Web MIDI API - Current Status, use cases
So, obviously, it's a thing.
The Google's own awesome Chris Wilson is working on the spec as well as on a first implementation in Chrome. But he also did another, quite awesome thing: Implementing the Web MIDI API with the help of the Jazz browser plugin. In essence that means that if you can convince users of your application to install that plugin, you can start using the Web MIDI API already.
Well, first of all, for those that don't know, what exactly is MIDI?
MIDI was, in 1982 (!), developed as a simple, reliable and fast way of sending musical data over simple cables. It defines a simple serial protocol and was, in the 1980's mostly used as a hardware-to-hardware protocol.
Despite the fact that the protocol is so simple and so arcane by modern standards, it is still, more or less, the de-facto standard to communicate between musical devices. If you buy a musical controller, regardless of it being something simple like a keyboard or something as mindbogglingly complex like the Ableton push, chances are that the communication works via MIDI.
So, after the Web Audio API now basically become the standard way for browsers to output realtime audio, this is the next building block to enable more complex musical things in the browser.
(Please note: I'm using Chris' shim here. The current documented API (as I've linked to) has slightly different signatures. I kind of hope that this will be unified again pretty soon, though.)

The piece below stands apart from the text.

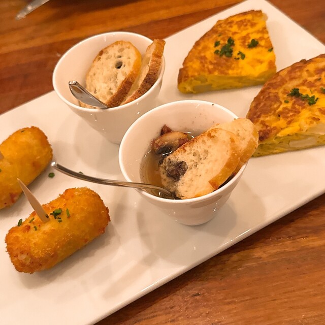 銀座にある「Pais Vasco」に初訪問。落ち着いた雰囲気の中で、バスク地方の料理をゆっくり楽しめる素敵なお店でした。店内はやや暗めの照明で、大人な空間。1階〜3階まであり、デートやちょっと特別な食事にもぴったりだと思います この日は、 ・海のアロス ・イカ墨のアロス ・生ハム ・薄切りのバゲットに海老のクリームをのせていただく前菜(名前忘れましたが絶品) ・クレソンのサラダ ... 詳細を見る

While the Web Audio API currently ignores the fact that computer systems may have more than one audio interface (which is a bummer, really), this would be a silly thing to do with MIDI: Each instrument usually defines it's own interface and it's important to be able to distinguish between those, because there is no way of addressing them in any other way (this is only partly true, but for now, let's just pretend). So, in order to work with a midi interface (in the MIDI world, this is also often called a "port" (remember: It used to be a serial port).
To be able to enumerate the ports we need to request access to the midi system first (This will be, in the final API, likely result in a permission request dialog). The API uses promises to make the usage of the asynchronous API easier:
navigator.requestMIDIAccess().then( onsuccesscallback, onerrorcallback );
we can now (in the onsuccesscallback method, of course) access the list of input and output devices. Note here that MIDI ports are unidirectional, so they are either input or output ports:
function onsuccesscallback(access) { access.inputs().forEach(function(input) { console.log(input.name); }); }
To receive MIDI data, we can now simply add an eventlistener to the input:
input.onmidimessage = function receiveMidi(message) { console.log(message.data); };
Now, interpreting these MIDI messages correctly is a little complex, so let's keep it to a simple example. Let's assume that a note-on message is coming in, which, for example, happens when you press down a key on your MIDI keyboard. You might see something like this in the console:
so, the first byte is a number bigger than 127. This is important, because this means that this identifies the command. 144 is the note-on command. But that's only half of the truth. The first half byte of the command (the most significant nybble) is the command, in our case, 0x90 or 144. The other half is the so called MIDI channel (which ranges from 0-15 (but will usually be counted as 1-based, so our example uses channel 1. (So, there actually is a way of addressing MIDI devices. But only for a certain class of messages, so called channel realtime messages).
The following two bytes are only 7 bit. The first one is the note number (in our case, a middle C). the second one is velocity. Velocity is, with keyboards, a measure how hard you hit the key. This is used to make sounds more expressive, to change the timbre or the volume of a sound while playing.
As soon as you release the key, you'll probably see something like this:
As you might guess, 0x80 is the note-off command. But this might not actually really what you are seeing. Another possibility is this:
Because the spec allows for note-off messages to be sent as note-on messages with 0 as velocity.
Don't ask. Just remember that the spec was written in 1982 and microcontrollers being added to synthesizers at the time had a fraction of the processing power and memory available of what's used today.
To send messages, you can simply take an output (enumeration works exactly the same) and use the send method:
output.send([144, 60, 127])
optionally, you can also send a timestamp as the second argument, which will send the message at the given time, to allow precision scheduling.
Music programs: Being able to use a real keyboard to play sounds in the browser is/would be awesome. This is probably by far the most compelling use case, as music demands a certain class of input devices.
But of course, there's more. Since the Web MIDI API aims to support the full MIDI standard, we can start building sequencers that maybe even mix Web Audio API usage with MIDI usage.
And since almost every operating system nowadays exposes a simple software synthesizer that allows you to play GM (General MIDI, a later standard to specify a set of common sounds such as pianos, strings, guitars and drums to allow for simple playback of songs with a common set of instruments) sounds, you could even use this as a lightweight way of playing songs in a game. We're kind of beyond that, really, but better than nothing.
Sky's the limit. As usual.
There's also a thing called OSC (Open Sound Control) which is an IP (as in Internet Protocol) based protocol that allows to send arbitrary high resolution data which would be awesome to have directly in the browser as well, but due to the way this protocol is built I would not hold my breath. If you want to use it for experiments in the browser, you can use tools like OSC-web that use WebSockets and a simple node.js based proxy to get data in and out of the browser.